Because the electric motor and one clutch are packaged in the space typically occupied by the transmission's torque converter, the unit is essentially the same size as the conventional 7-speed automatic in the Infiniti M37 and M56.

Combined with the compact size of the 1.4-kWh, 346V Li-ion battery (located behind the rear seat), this design gives the M35h the same interior roominess as the standard M sedan, plus sufficient trunk space for two large suitcases or four fullsize golf bags.

Another design that helped achieve the M35h Hybrid’s needed smoothness and refinement was a simple but effective lightweight soft-mounting system for the electric motor. It consists of a plate on the front of the motor, three arms on the rear and two rubber O-rings.

This is the world’s first parallel hybrid system without a transmission torque converter, Momose says. And it offers better fuel economy than its competition in both city and highway driving despite its high-performance capability.

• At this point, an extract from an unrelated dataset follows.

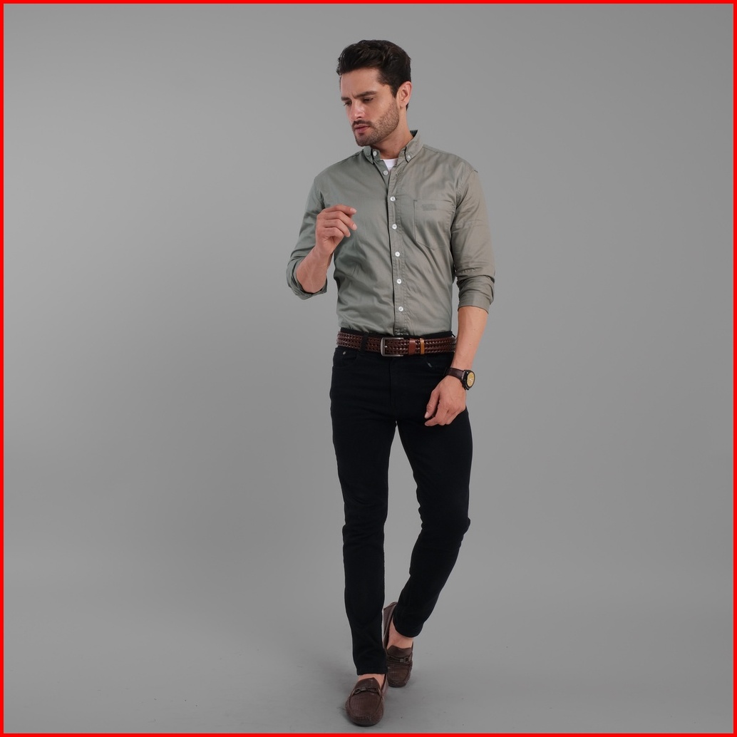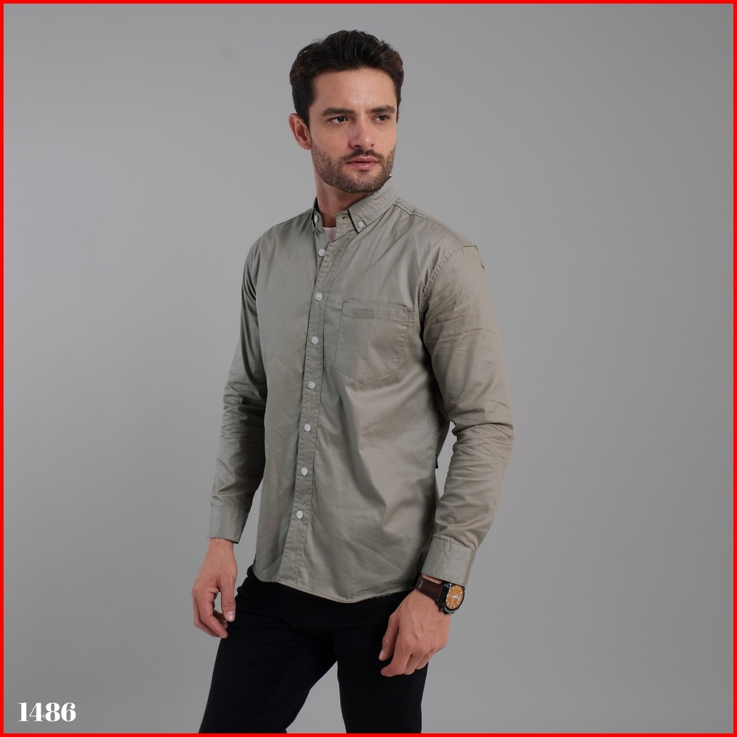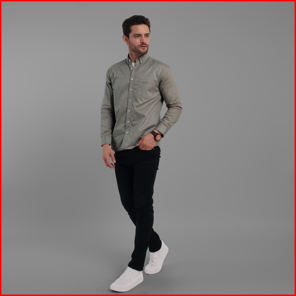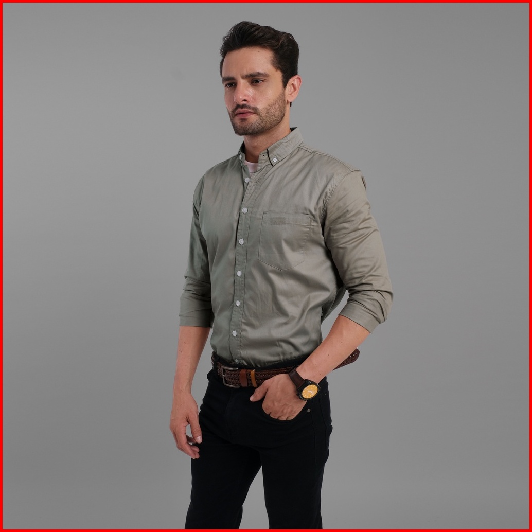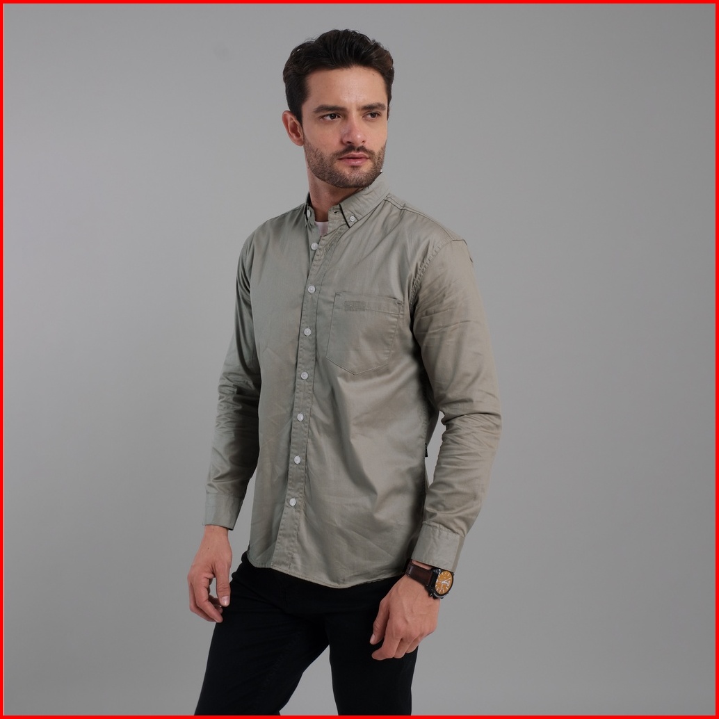 Dgm Kemeja Pria Polos Lengan Panjang Kemeja Pria Cotton Wax Oil Grey Kemeja 1486

The system’s single electric motor has a significant weight advantage over a 2-motor arrangement, and its forward dry clutch between the gas engine and the electric motor can disengage the engine for higher efficiency.

Nissan’s Li-ion battery technology is lighter and has higher power density than the nickel-metal hydride batteries in most other HEVs, which provides higher motor power and more EV-mode range.

As in other HEVs, the motor doubles as both a propulsion unit and a generator that recovers energy otherwise lost during deceleration and braking. Its instant torque can boost acceleration at low speeds, and it powers the car by itself when the engine is decoupled.

Most competing hybrids, including those built by Toyota and Ford, use a parallel system with two motors and a planetary gear set, which is heavier and less energy efficient.

"That type of system cannot decouple the engine and motor," Momose says. "So the result is lower efficiency because of engine friction under EV drive conditions."

He adds that the Mercedes-Benz S400 HEV uses a parallel-hybrid system with a torque converter that cannot disengage between engine and motor, while BMW's 5-Series ActiveHybrid system does use a single-motor, 2-clutch, no-torque-converter system, but also (unlike the Infiniti) a starter motor.

Momose reveals that Nissan is working on a single-motor, two-clutch HEV system for front-wheel-drive cars that he expects will reach North America in 2013. Interestingly, it will mate a continuously variable transmission to a 2.5L supercharged 4-cyl.engine.

We're definitely looking forward to testing that one.